Task brief → The answer must be an exact copy of the lines from the one with "- Bernard Grua, @bernardgrua, Français" to the last line of the entries below, both included, and must contain no pictures.

### Provided entries ###

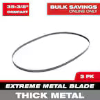 The MILWAUKEE® 35 3/8 in. 8/10 TPI Extreme Thick Metal Compact Band Saw Blade 3-Pack maximizes band saw blade performance. These blades meet the demands of daily job site use, delivering more cuts and fewer blade changes. An aggressive variable tooth design provides the versatility to cut more metals of various thicknesses without changing blades.
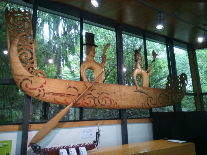 North of Paihia on the edge of Te Ti Bay you can “Experience the Day that Changed History“. This is how the literature about the historic Waitangi Treaty Grounds is worded. In a nutshell it is where the Declaration of Independence of New Zealand was signed in 1835, then five years later the Treaty of Waitangi between the British Crown and the indigenous Māori. Controversy is rife surrounding the whole thing. The documents were drawn up by European settlers without any legal background and then translated into a Māori version. These versions differed so there was no consensus as to what was actually being agreed. Broadly from the British point of view it made New Zealand a British colony and gave Queen Victoria’s government sole right to purchase land. It also gave Britain sovereignty over New Zealand and the right to govern.  Māori believed they conceded the right of governance in return for protection but without giving up their authority to manage their own affairs. There was also some debate whether some Māori chiefs opposed to the Treaty actually signed it and to what extent the British have contravened the Treaty over the years. So the controversy rumbles on and the Public Holiday of Waitangi Day, 6th February, most celebrate the day but protesters also use it as a chance to vent their feelings of frustration and injustice.
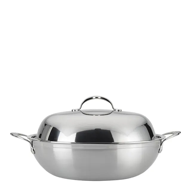 Hestan Probond Wok med lock 36 cm Stål är den perfekta kompanjonen för att ta din matlagning till nästa nivå. Den är handgjord i Italien med högsta precision och konstruerad med en trippelbotten och en responsiv aluminiumkärna som ger snabb och jämn värmefördelning, tillsammans med imponerande hållbarhet.
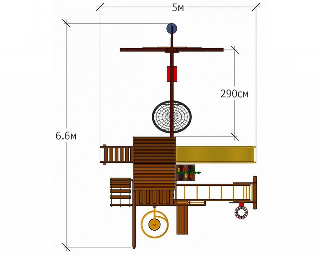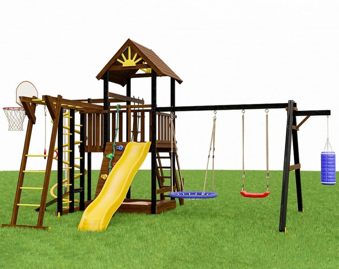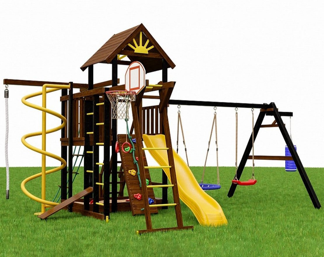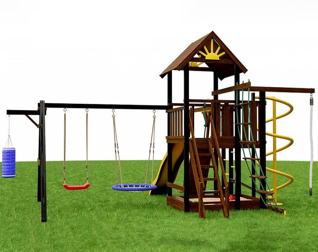 Качели, горка, спортивные снаряды и мтеллическая спираль— всё создано для активных и любознательных детей. Прочная конструкция из массива сосны прослужит долго, а благодаря обработке не боится капризов погоды.
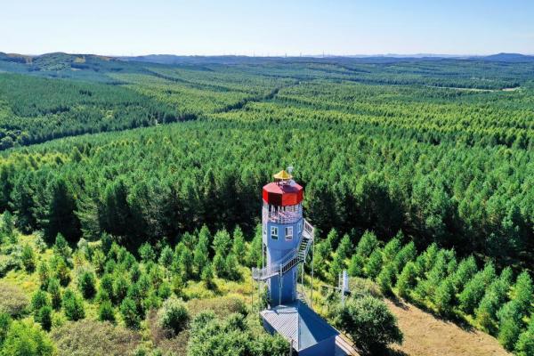 塞罕坝机械林场内的望海楼(2021年8月23日摄,无人机照片)。新华社记者 牟宇 摄
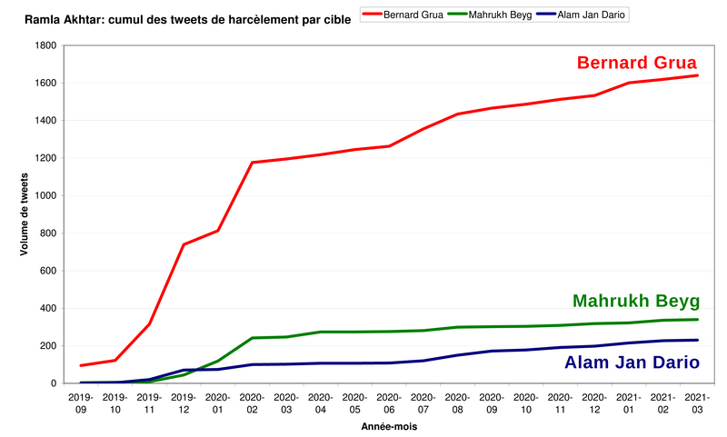 - Bernard Grua, @bernardgrua, Français résidant à Nantes, auteur du rapport du 13 juin 2019 -> 1.639 tweets. Notons qu’en France des peines de prisons ont été prononcés contre des harceleurs ayant adressé moins de 200 tweets à leur victime (soit huit fois moins).
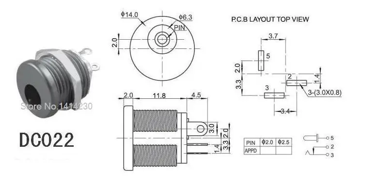 5PCS DC-022 5.5x2.1mm 5.5*2.1mm DC Power Jack DC Connector Panel Mounting DC022 5.5-2.1

###

Reply →
 - Bernard Grua, @bernardgrua, Français résidant à Nantes, auteur du rapport du 13 juin 2019 -> 1.639 tweets. Notons qu’en France des peines de prisons ont été prononcés contre des harceleurs ayant adressé moins de 200 tweets à leur victime (soit huit fois moins).
 5PCS DC-022 5.5x2.1mm 5.5*2.1mm DC Power Jack DC Connector Panel Mounting DC022 5.5-2.1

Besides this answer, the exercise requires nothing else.